Scientists don’t see the forest for the trees. Their detailed analysis of adaptive viral and immune responses prevents them from realizing why repeated exposure to Omicron leads to ‘inescapable viral immune escape’.

It is reasonable to assert that the authors' conclusion stating that 'updated vaccines can counter immune imprinting from wild type (i.e., ancestral) vaccination and elicit strong immune responses against the latest variants' is accurate, yet it falls short of addressing the urgent concern posed by new emerging variants. The dominant spread of the latter is facilitated by the effective neutralization of the latest circulating variants and the natural selection of new Omicron descendants. This natural selection directly arises from the collective suboptimal immune pressure that inevitably ensues after boosters with updated C-19 vaccines and/or new variant-specific booster treatments in highly C-19 vaccinated populations. Due to the escalating immune pressure on its infectivity, the virus will be compelled to elevate the barrier to higher virulence. Consequently, it will acquire the ability to strongly proliferate and spread within the host, overcoming generalized immune pressure in highly C-19 vaccinated populations.
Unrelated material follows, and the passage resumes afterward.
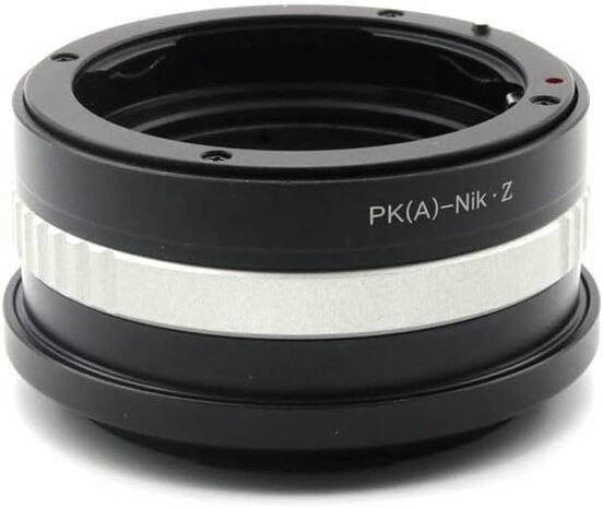 Body naar lens adapter Deze Lens Mount Adapter maakt het mogelijk om objectieven met een Pentax K (PK) aansluiting op een Nikon Z Body te gebruiken. Bevestiging Camera vatting: Nikon Z Objectief vatting: Pentax K De werking van alle automatische diafragma, auto focus en andere functies vervallen bij gebruik van deze converter.

Ultimately, this process will restore the natural equilibrium between the virus and the host's immune system.

Conclusion

Whereas mitigation of immune imprinting enables efficient neutralization of the previously circulating variant, SIR-mediated mitigation of infection by newly emerging variants drives natural selection of these variants. The combination of both phenomena (via the same repeated VBTI or updated mRNA booster vaccination) precipitates dominant spread of newly emerging variants. 

Consequently, protection of C-19 vaccinees against newly emerging Omicron descendants can no longer be assured by NAbs, whether they are vaccine-induced or elicited upon repeated exposure to a new Omicron infection or an updated mRNA vaccine booster. Protection of C-19 vaccinees against C-19 symptoms or severe C-19 disease now exclusively relies on enhanced cytotoxic T lymphocyte (CTL) activity and polymeric non-neutralizing Abs (PNNAbs). The more infectious the circulating variant, the more the virus is adsorbed instead of internalized into antigen-presenting cells (APCs). Alternatively, with a more infectious circulating variant, more PNNAbs are consumed and fewer PNNAbs are produced. This must now rapidly lead to rapidly growing, population-level immune pressure on the enhancing site within the S-NTD (spike N-terminal domain) of dendritic cell (DC)-tethered virions. Any mutation capable of overriding the virulence-inhibitory effect of these PNNAbs will quickly result in a massive wave of highly virulent VBTIs in highly C-19 vaccinated populations.